To analyze the relation of Heliusvirales richness to urbanization, richness was calculated by dividing the number of identified TerL genes by the number of reads in billions. Significance testing of richness differences after combining studies was done with linear mixed effects models where the study was entered as a random effect, using the lme function from the nlme R package v3.1-162 and Anova function from the rstatix R package v0.7.2. The same approach was used to calculate significant richness differences among pooled disease-related cohorts.

Assignment of TerL sequences from ancient- and disease-related samples was done using the trees by which the classification had been done. Each sequence was assigned to the same taxonomy as its closest neighbor of which the taxonomy was known.

For the ancient, hunter-gatherers, and urban populations, taxonomic assignment at the family level was used to calculate weighted UniFrac distances, from which a non-metric multidimensional scaling (NMDS) was constructed. Permutated ANOVA significance levels were calculated with the adonis2 function in the vegan R package v2.6-4. To determine significant differences in subfamily prevalence between populations with different lifestyles, Fisher exact tests were calculated using the fisher.test function from base R.

Timed tree construction

To reconstruct an evolutionary timed tree of the Ca.

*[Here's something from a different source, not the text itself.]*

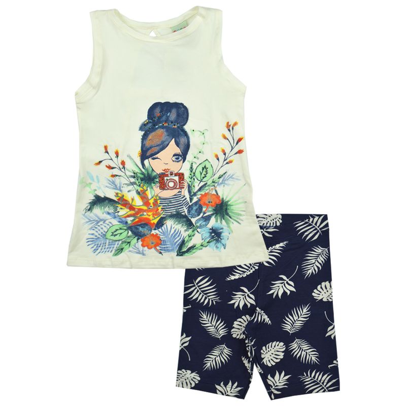 Conjunto Blusa e Ciclista Feminino Juvenil Have Fun em Cotton Estampada Folhas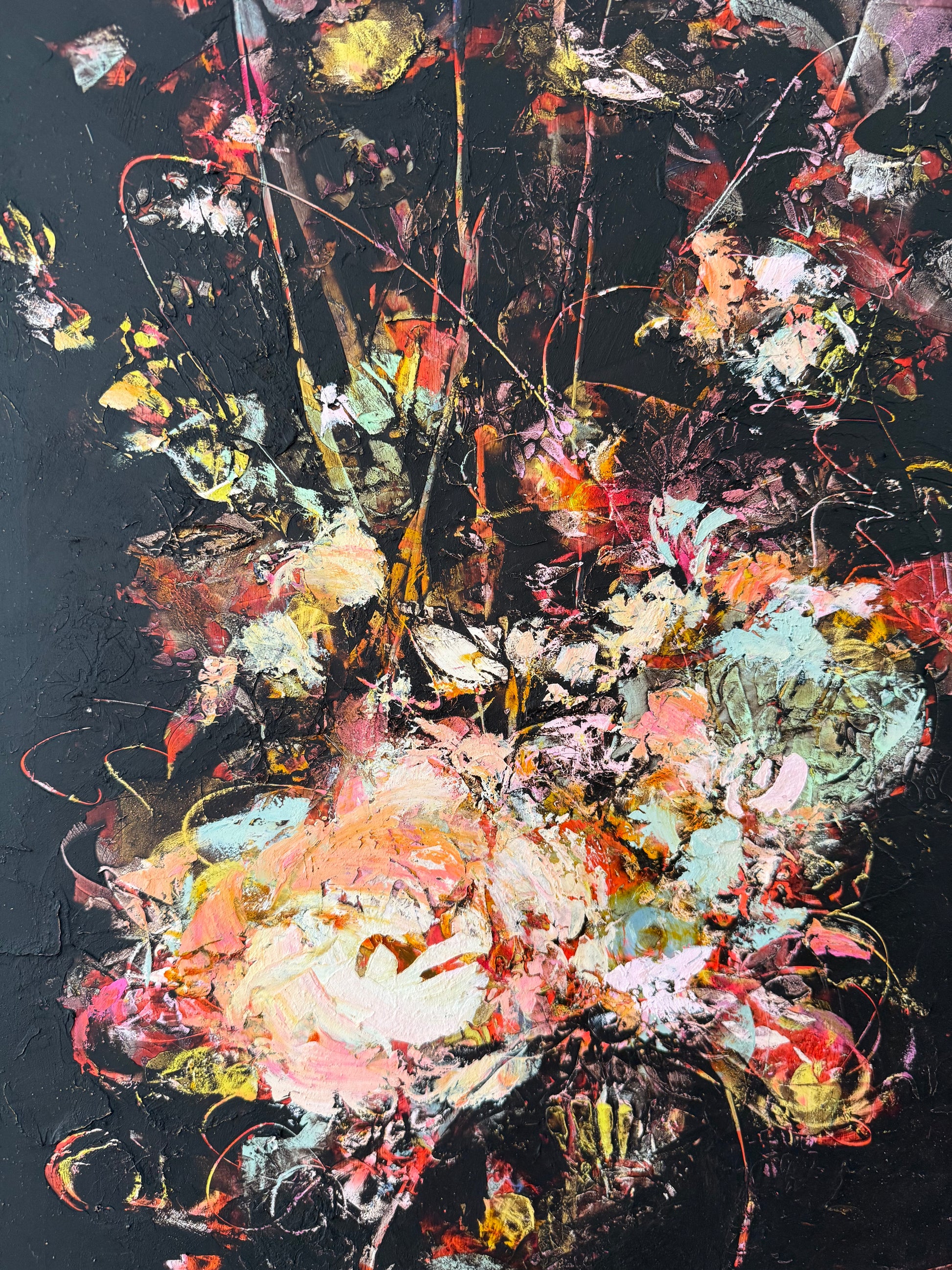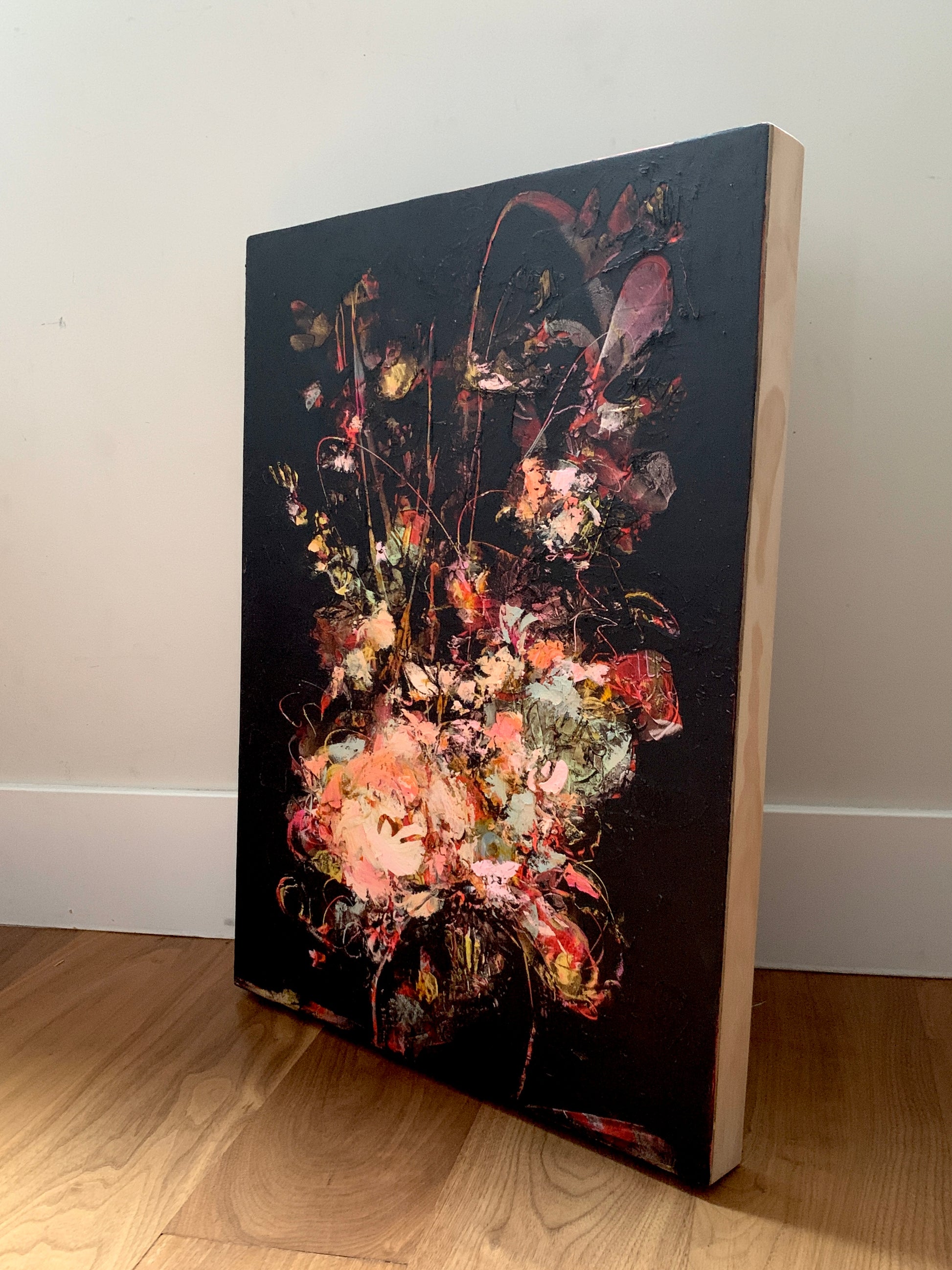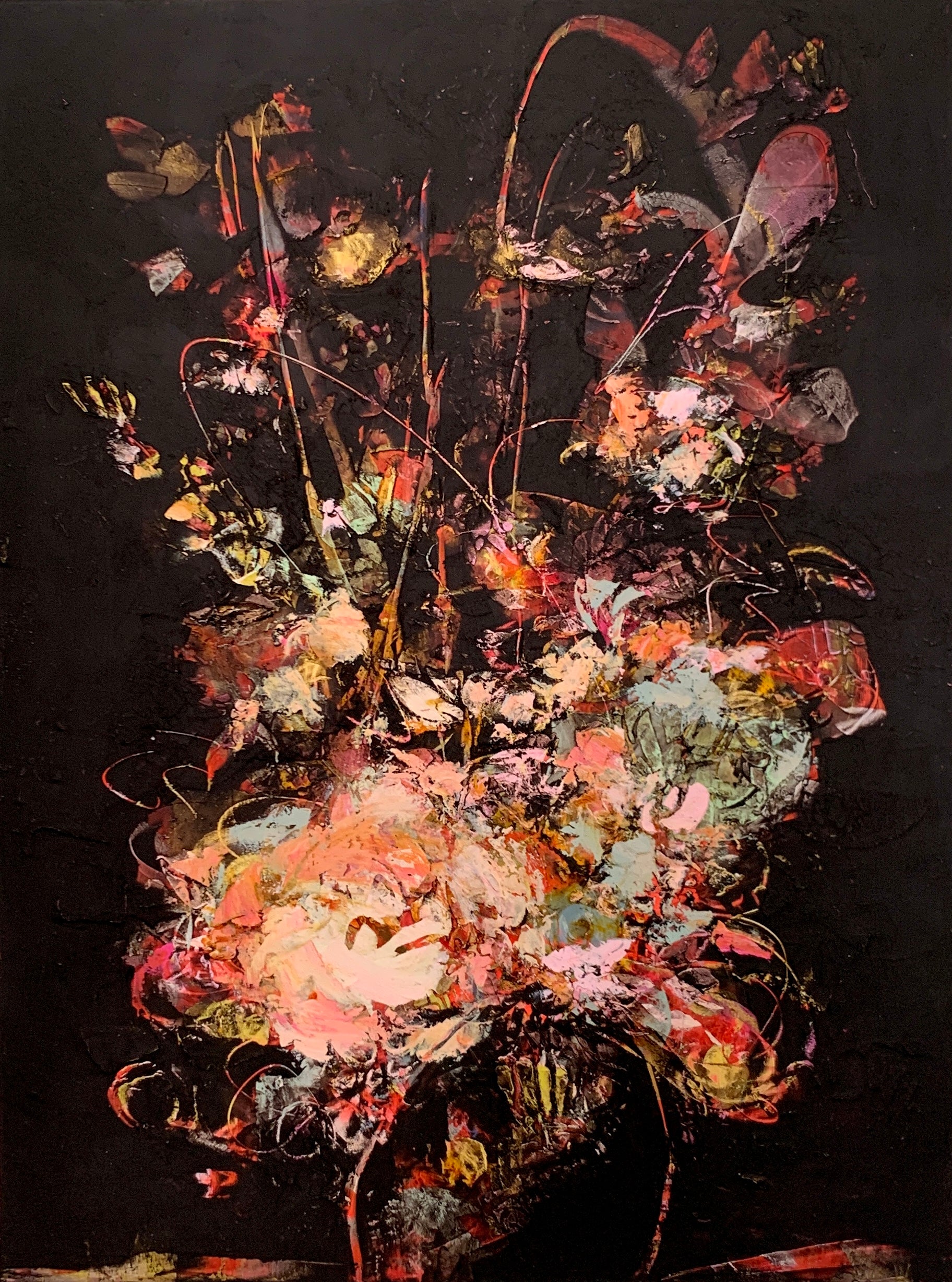 Born in Hawaii to a Japanese mother and a military aviator father, Sali Swalla’s early years were spent living in various US States, as well as Japan and Korea. After attending University in Tokyo, she moved to Los Angeles and finally began to put down roots. Having moved so often in her youth, Sali developed a unique inner life, fed by the enormous variety of places she has lived. Her work is an expression of a sense of longing and loss, tightly related with a search for wholeness and something beyond the tangible world. Process-heavy layering, veiling, and scraping away mimic this search and serves as a metaphor for personal growth.

Hathorviridae, we first constructed a regular tree on members of this family. For this, we selected the TerL genes of all Ca. Hathorviridae from both the complete genomes and the ancient samples. This was used to build a phylogenetic tree with IQTree as described above. From this tree, we selected thirteen complete genomes and all three ancient genome fragments that combined reflected the architecture of the Ca. Hathorviridae. All ORFs from these genomes were then clustered with mmseqs2 v14.7e28471, after which the six protein clusters that were universally present were selected. This number was relatively low because the ancient sequences were genome fragments of 15,076, 19,664, and 67,881 bp long. The six universal PCs were a TerL, head maturation protease, major head protein, portal protein, a hypothetical protein, and terminase small subunit. For each protein, an alignment was made with MAFFT v4.753 (options –maxiterate, –localpair)83, from which a timed tree was inferred using BEAST v2.7.384. BEAST was run with the following models: Birth death model, Coalescent constant population, Coalescent exponential population, Coalescent bayesian skyline, Coalescent extended bayesian skyline, each with both strict and optimized relaxed clock models. Analyses were run for 30 million iterations, at which point all models had converged and estimated sample sized were above 200. The coalescent constant population model with a relaxed clock was the best-fitting model. A full accounting of tree construction with the various evolutionary models is in Supplementary Data 6. BEAST was run with OBAMA v1.1.185 for amino-acid model averaging.

Statistics & reproducibility

No statistical method was used to predetermine sample size. No data were excluded from the analyses. The experiments were not randomized. The Investigators were not blinded to allocation during experiments and outcome assessment.